Exercise aim ::
Starting at the line with "ANNISA, NURRIFQA (2025)", copy each line through the last one below exactly as written, without any pictures.

Data excerpt ::
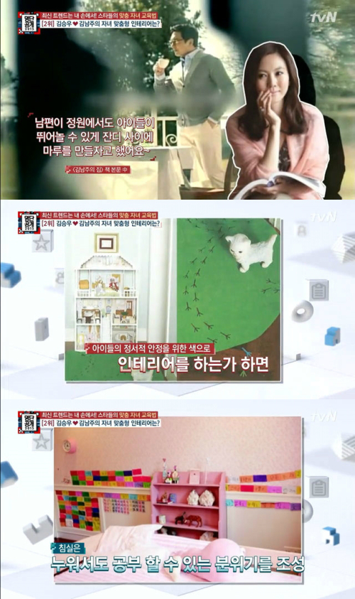 최근 전파를 탄 tvN의 ‘명단공개’의 ‘스타 자녀교육법’ 특집 방송에서 김남주의 자녀 교육법이 순위 2위를 차지, 그 특별한 비법이 공개됬다. 김남주는 자녀들이 앞마당에서 함께 뛰어놀거나 자전거를 탈 수 있도록 잔디를 깔고 십자모양의 나무데크를 설치해 별도의 공간을 만들었다. 또 아이들에게 정서적 안정을 주는 색깔로 인테리어를 해 공부에 집중하기 한층 쉬운 분위기를 조성했고 침실에는 한글 단어장이 들어간 센스 있는 인테리어로 자녀들이 누워서도 공부할 수 있는 분위기를 마련해 눈길을 끌고 있다.
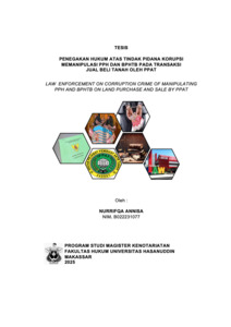 ANNISA, NURRIFQA (2025) PENEGAKAN HUKUM ATAS TINDAK PIDANA KORUPSI MEMANIPULASI PPH DAN BPHTB PADA TRANSAKSI JUAL BELI TANAH OLEH PPAT = LAW ENFORCEMENT ON CORRUPTION CRIME OF MANIPULATING PPH AND BPHTB ON LAND PURCHASE AND SALE BY PPAT. Thesis thesis, Universitas Hasanuddin.
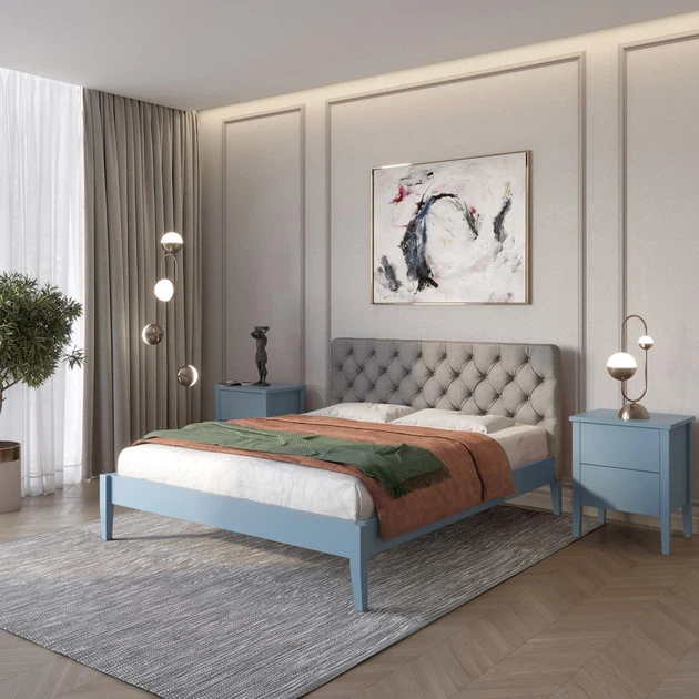 Двоспальне дерев'яне ліжко Mebigrand Рим ДК Сіро-синій (S7010R90B)/Аляска 93 (Сірий) Б3 180х190 см (MBG-5338)
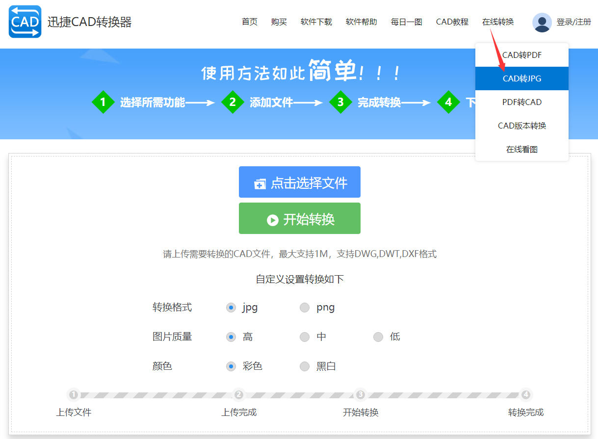 除了cad转换器外还可以用在线转换的方式将cad转jpg,而我们首先要选择导航栏在线转换系列的cad转jpg功能。

Output for this exercise ::
 ANNISA, NURRIFQA (2025) PENEGAKAN HUKUM ATAS TINDAK PIDANA KORUPSI MEMANIPULASI PPH DAN BPHTB PADA TRANSAKSI JUAL BELI TANAH OLEH PPAT = LAW ENFORCEMENT ON CORRUPTION CRIME OF MANIPULATING PPH AND BPHTB ON LAND PURCHASE AND SALE BY PPAT. Thesis thesis, Universitas Hasanuddin.
 Двоспальне дерев'яне ліжко Mebigrand Рим ДК Сіро-синій (S7010R90B)/Аляска 93 (Сірий) Б3 180х190 см (MBG-5338)
 除了cad转换器外还可以用在线转换的方式将cad转jpg,而我们首先要选择导航栏在线转换系列的cad转jpg功能。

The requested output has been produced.